● **Exercise goal**
Give again, exactly as written, the lines of the records below from the line with "This is sagtjernet, Elverum seen from above." to the line with "Southern and eastern". Both end lines count; pictures do not.

● **Records to use**
┄┄┄┄┄┄┄┄┄┄┄┄┄┄┄┄┄┄┄┄
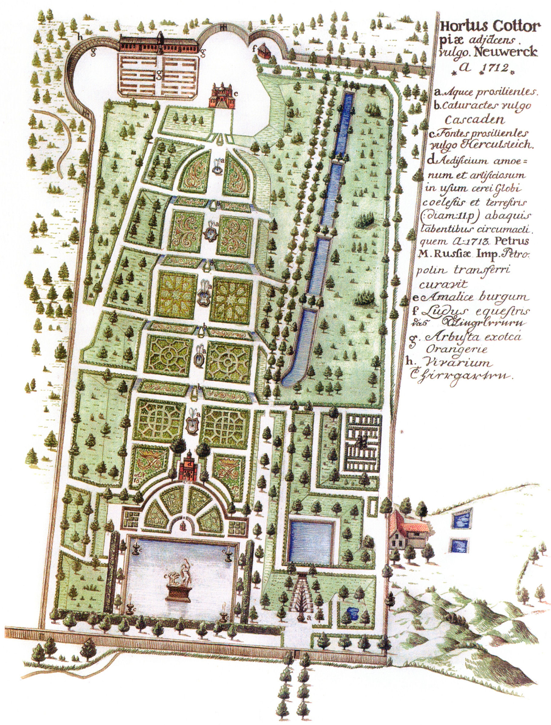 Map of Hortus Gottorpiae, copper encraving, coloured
┄┄┄┄┄┄┄┄┄┄┄┄┄┄┄┄┄┄┄┄
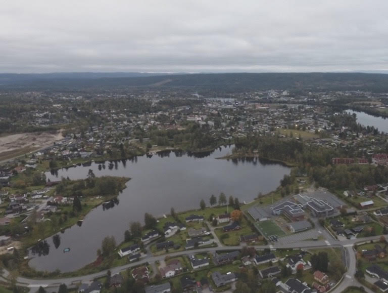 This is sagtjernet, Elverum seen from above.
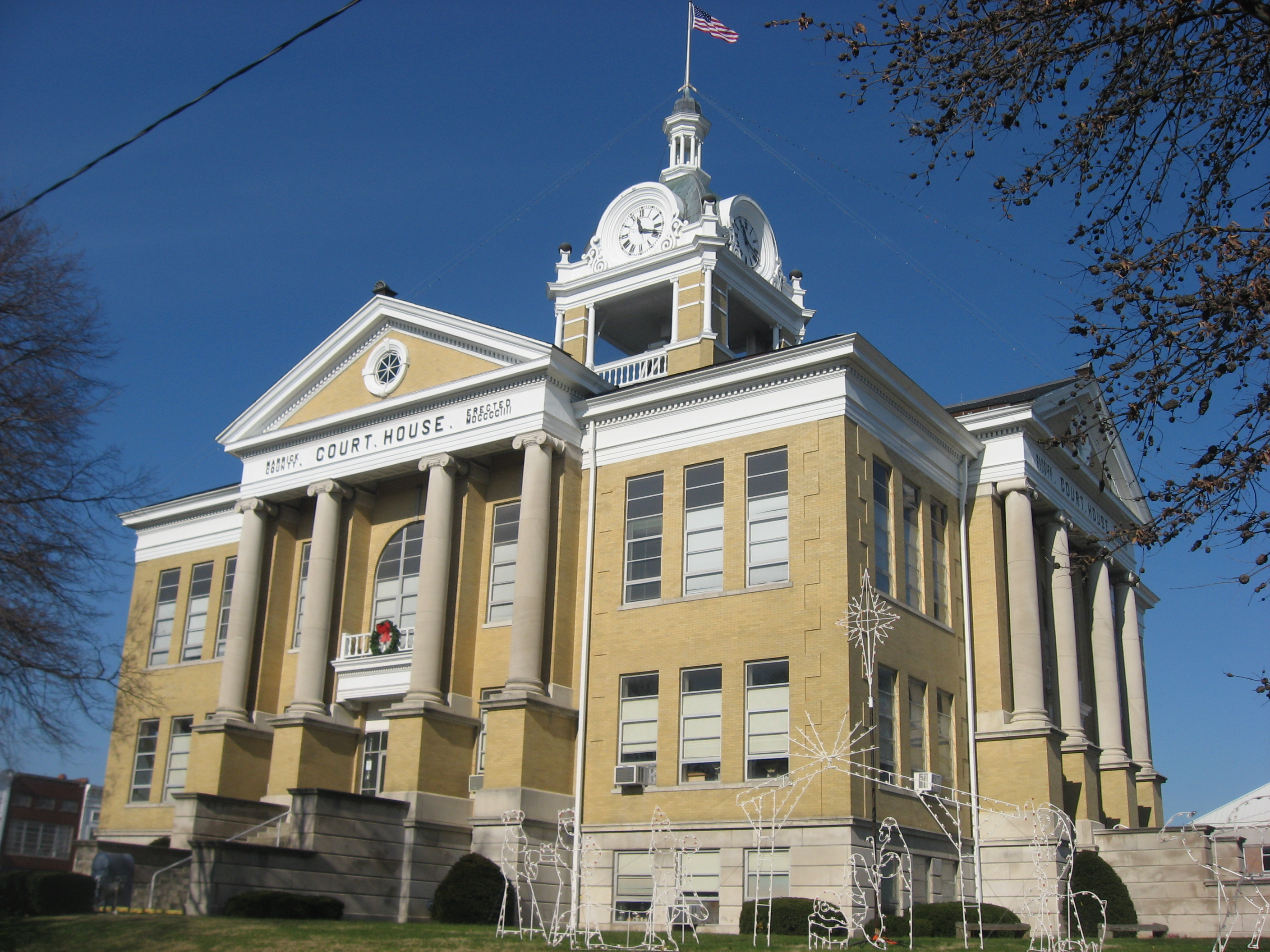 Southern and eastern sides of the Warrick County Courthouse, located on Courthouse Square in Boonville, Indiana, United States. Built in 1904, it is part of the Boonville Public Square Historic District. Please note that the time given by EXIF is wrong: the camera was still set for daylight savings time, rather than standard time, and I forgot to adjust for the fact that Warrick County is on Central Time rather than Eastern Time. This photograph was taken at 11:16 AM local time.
┄┄┄┄┄┄┄┄┄┄┄┄┄┄┄┄┄┄┄┄
● **The answer**
 This is sagtjernet, Elverum seen from above.
 Southern and eastern sides of the Warrick County Courthouse, located on Courthouse Square in Boonville, Indiana, United States. Built in 1904, it is part of the Boonville Public Square Historic District. Please note that the time given by EXIF is wrong: the camera was still set for daylight savings time, rather than standard time, and I forgot to adjust for the fact that Warrick County is on Central Time rather than Eastern Time. This photograph was taken at 11:16 AM local time.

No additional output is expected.